Le società produttrici di software dovrebbero essere ritenute responsabili per la sicurezza e l’efficacia del loro codice. A sostenerlo è la Commissione Europea, intenzionata ad estendere anche ai software le leggi di protezione dei consumatori in vigore per i manufatti fisici. Ma le case produttrici non ci stanno.
A lanciare la proposta sono state Viviane Reding e Meglena Kuneva, le due Commissarie incaricate rispettivamente dei Sistemi Informativi e della Protezione dei Consumatori a livello comunitario. Dopo aver esaminato le diverse normative esistenti in materia di protezione dei consumatori, le due si sono convinte della necessità di estendere anche ai prodotti e servizi informatici le tutele già esistenti per i beni materiali, che prevedono la responsabilità dei produttori rispetto alla sicurezza ed all’efficacia dei manufatti da essi realizzati.
“Se vogliamo che i consumatori possano sfruttare appieno le potenzialità delle reti digitali per i loro acquisti, dobbiamo dare loro la certezza che i loro diritti fondamentali siano garantiti” ha spiegato Kuneva, che ha poi aggiunto: “Questo richiede la predisposizione di chiare regole di protezione dei consumatori ed il controllo su di esse, secondo gli standard che già esistono per i prodotti fisici”
In particolare, quindi, il documento presentato dalla Commissione prevede l’estensione dei “principi contenuti nelle norme di protezione dei consumatori anche agli accordi di licenza riguardanti beni quali gli antivirus, i videogiochi e altri software consimili”.
Attraverso l’intervento proposto, l’Unione punta a responsabilizzare i produttori di software, e in generale le società che creano servizi digitali, con l’obiettivo ultimo di offrire maggiori possibilità di scelta ai consumatori.
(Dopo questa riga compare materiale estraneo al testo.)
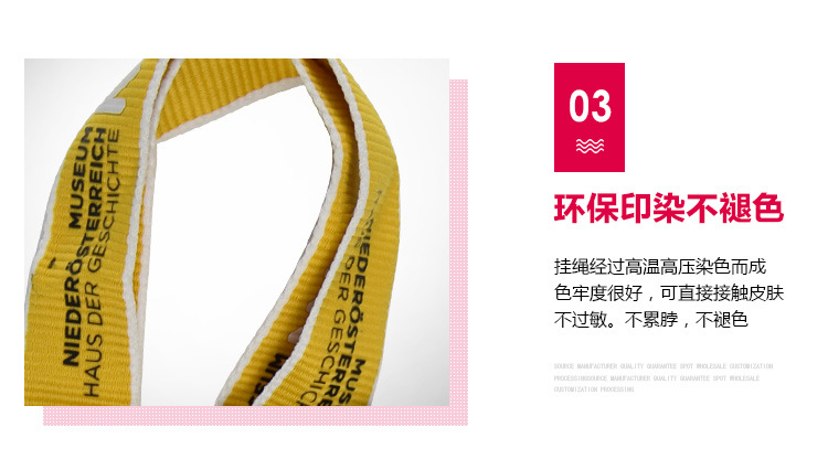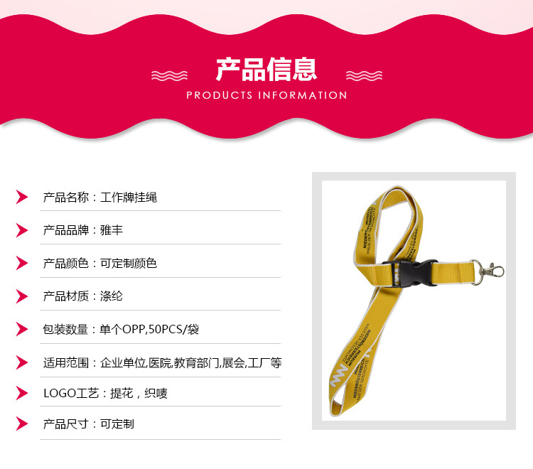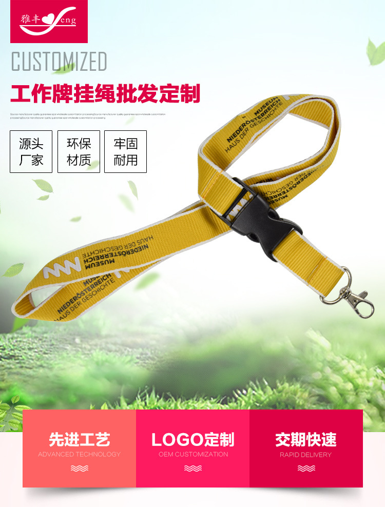 挂绳本体采用优质的涤纶材质,绳面可根据客户要求电脑刺绣公司名与公司Logo;公司员工配带着含有您公司Logo的挂绳,无形中体显出您公司的形象与员工素质。

Diametralmente opposta la valutazione della associazione di rappresentanza delle software house/em>, la Business Software Alliance ( BSA ), a giudizio della quale un’eventuale estensione ai beni immateriali della Direttiva Europea sulle Vendite e le Garanzie avrebbe l’effetto di limitare (e non di accrescere) le possibilità di scelta per i consumatori.
BSA è particolarmente critica sulla parte della norma che prevede l’obbligo per i produttori di offrire un termine di garanzia minimo di due anni. “Estendere i termini relativi alle garanzie imporrebbe alle aziende di continuare ad offrire i servizi di update anche al di là dei termini previsti dai contratti” ha detto il responsabile per le Politiche Pubbliche dell’Associazione, Francisco Mingorance. “Sarebbe un po’ come affittare la propria casa per il periodo delle vacanze estive, e poi trovarsi obbligati ad estendere l’affitto per tutti i 23 mesi successivi”.
BSA ha criticato con forza anche l’idea stessa di equiparare i servizi digitali a quelli materiali. “I contenuti digitali non sono uguali ai beni fisici, e non dovrebbero essere sottoposti alle stesse regole che vengono impiegate per i tostapane – ha detto ancora Mingorance – Diversamente da quanto accade per i beni materiali, i produttori di contenuti digitali non sono in grado di prevedere con un adeguato livello di certezza le performance e gli impieghi realizzati successivamente con i loro manufatti”.
A giudizio di BSA, le performance di un software dipenderebbero in modo decisivo dall’ambiente in cui opera e dalle modalità di aggiornamento, nonché dal grado di personalizzazione che esso consente e dalla presenza di eventuali attacchi esterni nei confronti di esso. Ed è per questo che l’equiparazione secca non avrebbe senso.
Ultimo ma non ultimo, sottolineano altri commentatori , l’applicazione del principio di responsabilità oggettiva al campo del software potrebbe limitare la libertà creativa degli sviluppatori , i quali potrebbero finire auto-limitarsi per non rischiare di incorrere in conseguenze non prevedibili in anticipo.